Stanley and the 18th Battalion trained and rested behind the lines, and moved to the Somme region of northern France where the men were forced to endure the seemingly endless rain of October and November, and the mud and cold that came with it. They could not stand still in one place for very long because if they did they would sink down to their knees in the muddy quagmire. Many were hospitalised with trench foot and hypothermia.
Stanley experienced the hardships of trench warfare, but also spent time training at a trench mortar school, where his excellent conduct was noted by his superiors. On the 15th of November, not long after he had rejoined his unit after mortar training, Stanley’s unit was camped behind the lines when an errant German shell landed amongst them. Stanley was killed instantly. He was 22 years old
Today, his remains lie buried in the Longueval Road Cemetery in France, with over 200 soldiers who died in the First World War.
Walter Callaghan served in the 54th Battalion, which he joined in the Somme region of France in January 1917. Exposed to the elements and German artillery fire, the hardships and horror of trench warfare took their toll. In April 1917 Walter was hospitalised with “pyrexia of uncertain origin”. While the exact nature of his illness is unknown, this term was often used to describe men suffering symptoms of post traumatic stress disorder, or “shell shock”, as it was known.

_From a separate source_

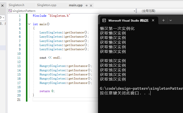 下面再看看恶汉模式的代码实现: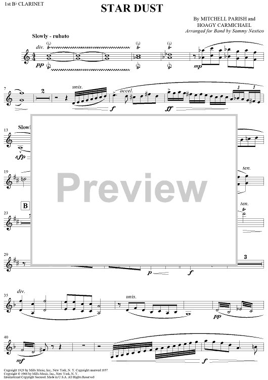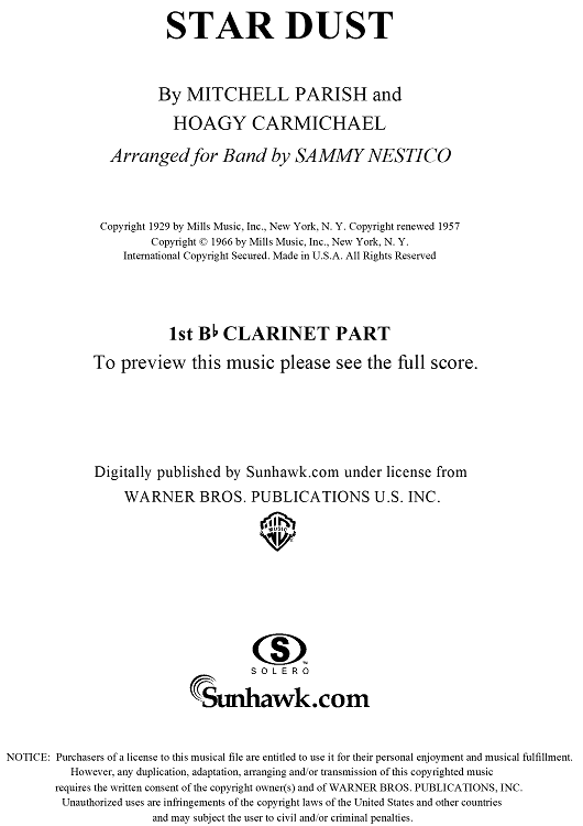 Digital Sheet Music for Star Dust - Clarinet 1 by Mitchell Parish, Hoagy Carmichael, Sammy Nestico scored for Concert Band; id:254183

Rejoining his unit in June, in the following months, Walter and the 54th Battalion moved north to the Ypres region of Belgium. His first major battle came on the 26th of November when he participated in the battle of Polygon Wood. Australian troops successfully took their objectives and held off German counter attacks, but suffered over 5,700 casualties in a single day.
In late November Walter was again hospitalised, this time with “trench fever”, an illness usually caused by lice, which were present in large numbers due to the difficult and unsanitary conditions that troops were forced to endure.

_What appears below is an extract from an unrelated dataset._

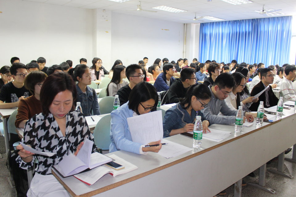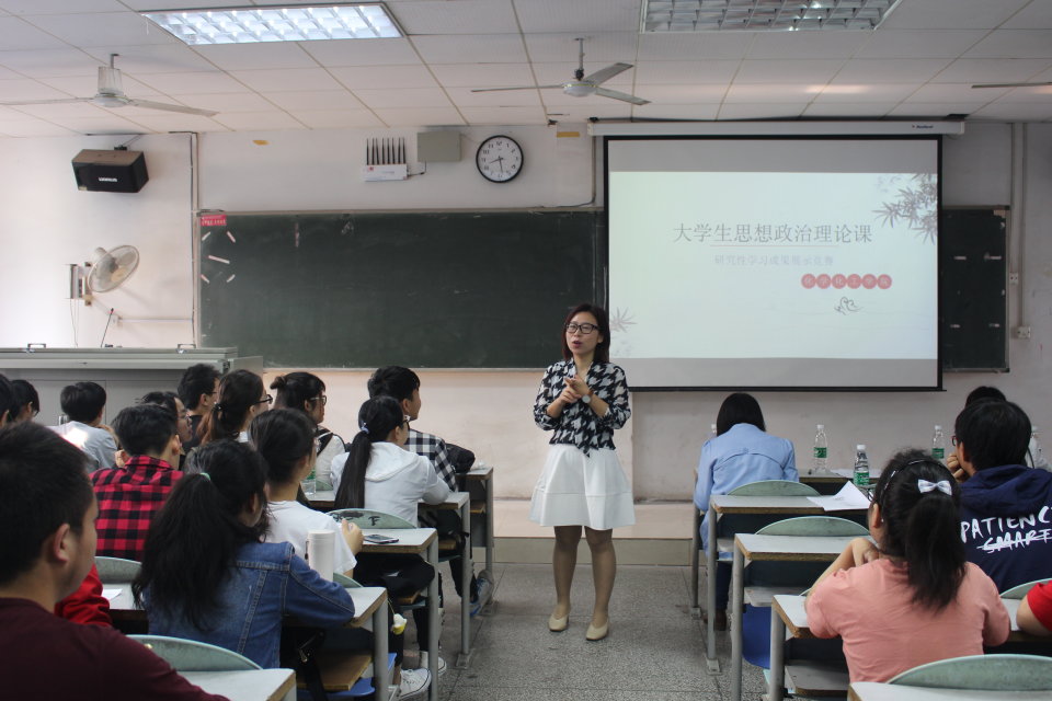4月28日上午,“南华大学2016级大学生学习贯彻习近平新时代中国特色社会主义思想暨第四届大学生思想政治理论课研究性学习成果展示竞赛”预决赛ok138cn太阳集团分赛在南华大学紅湘校区第九教学楼403课室正式举行。本次比赛的目的是为深入学习宣传党的十九大精神及全国两会精神,贯彻落实全国、全省思想政治工作会议精神,推动习近平新时代中国特色社会主义思想的“三进”工作 ,进一步激发大学生的理论学习积极性,加大思想政治理论课教学方法改革力度,提高思想政治理论课教学实效性。参与此次竞赛评选的嘉宾有ok138cn太阳集团党委副书记余晓秋、马克思主义学院形势与政策教研室张俊波博士、以及ok138cn太阳集团学工室主任陈楠和ok138cn太阳集团16级各班的班主任们。此次竞赛主要通过选题原因、研究现状综述、研究性学习成果、研究中存在的问题以及研究设想、研究性学习的收获与体会这五个方面来进行展示。来自16级代表各班参赛的五名同学通过PPT展示对各方面内容依次进行介绍。介绍结束之后,评委嘉宾针对同学们展示研究内容展开提问,各小组成员应对所提问题进行详细阐述。在此次竞赛评选中,党委副书记余晓秋和张俊波博士对各参赛队伍表示了赞赏与肯定。

His traumatic experience of war was made harder by the knowledge that his two younger brothers, Horace and Stanley, had already been killed. Recognising her husband’s trauma and the tragedy faced by the Callaghan family, in late January 1918 Walter’s wife wrote to the authorities pleading for him to be allowed to come home. He was having fits and rapidly losing weight. She pleaded: “I feel very worried about him. He lost two brothers in 1916 one in July and one in November: so I really think his mother has done her share for her country and there is no more that can go”. Despite her pleas, Walter Callaghan continued to serve at the front.

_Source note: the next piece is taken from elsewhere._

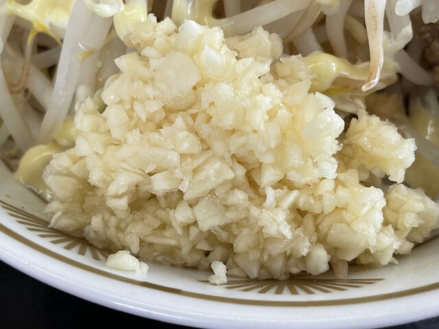 『ハーフ汁なしニンニクヤサイマシマシ+ネギ』のニンニク

On the 13th of April 1918, after having moved back south to the Somme region, Walter and his unit came under heavy German artillery fire as they were in the process of being relieved from front line duties. Walter was hospitalised with shrapnel wounds to his left hand, an injury that was so severe that he was sent to England to recover.
He rejoined his unit in late August 1918, but his return to the front was to be brief. On the 1st of September, months before the end of the war, Walter was wounded in action during the assault on Mont St. Quentin. He and his unit jumped out of their trenches at 5 am into a heavy German bombardment. Walter was badly gassed, and received severe gunshot wounds to the head. Everything was done to try and save him, but he passed away in hospital on the 4th of September.
His remains now lie in the St Sever Cemetery Extension in France, along with over 8,000 Commonwealth soldiers who died in the First World War.
He was 31 years old. Survived by his wife and young daughter, and the third of three brothers to die in the war, the loss of the Callaghans had a huge impact on their home town of Lithgow. In October 1918, their mother was honoured by opening the Lithgow Soldiers’ Memorial, a small gesture by the town to acknowledge the sacrifice of her sons.